**PROVIDED RECORDS**:
--------

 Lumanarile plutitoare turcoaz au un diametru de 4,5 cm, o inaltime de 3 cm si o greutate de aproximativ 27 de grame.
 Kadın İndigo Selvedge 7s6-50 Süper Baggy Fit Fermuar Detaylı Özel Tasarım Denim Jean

--------

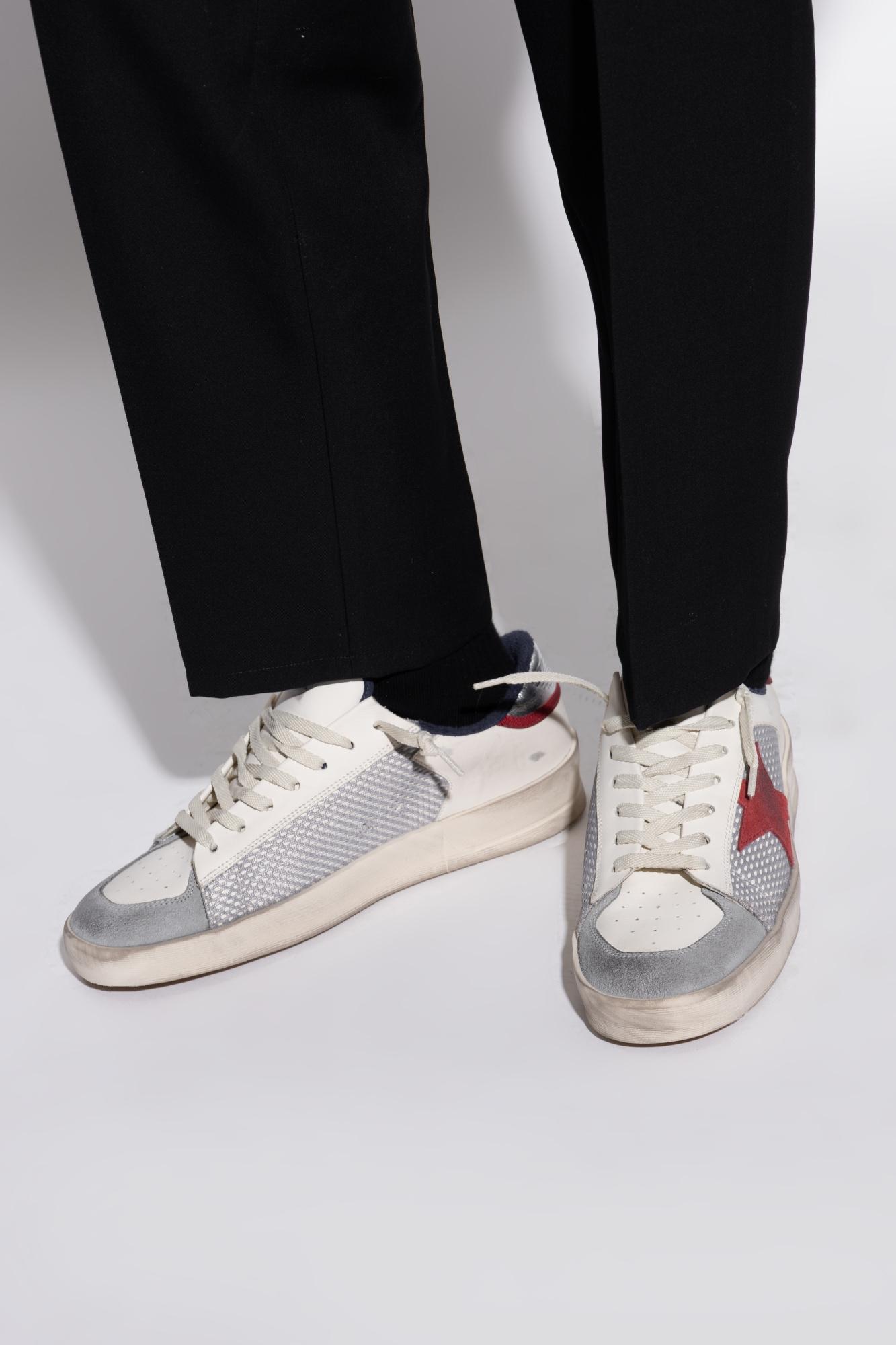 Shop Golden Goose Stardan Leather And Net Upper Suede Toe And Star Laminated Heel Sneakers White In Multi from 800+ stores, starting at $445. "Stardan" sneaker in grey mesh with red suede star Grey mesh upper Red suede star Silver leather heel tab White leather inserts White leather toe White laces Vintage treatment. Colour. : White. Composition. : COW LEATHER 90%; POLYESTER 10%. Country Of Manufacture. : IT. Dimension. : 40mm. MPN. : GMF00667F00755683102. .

--------

**EXERCISE REQUIREMENTS**:
Nothing should appear in the answer except the lines above from the line with "Lumanarile plutitoare turcoaz" through the line with "Kadın İndigo Selvedge", both included, written out exactly.

**FINISHED TASK**:
 Lumanarile plutitoare turcoaz au un diametru de 4,5 cm, o inaltime de 3 cm si o greutate de aproximativ 27 de grame.
 Kadın İndigo Selvedge 7s6-50 Süper Baggy Fit Fermuar Detaylı Özel Tasarım Denim Jean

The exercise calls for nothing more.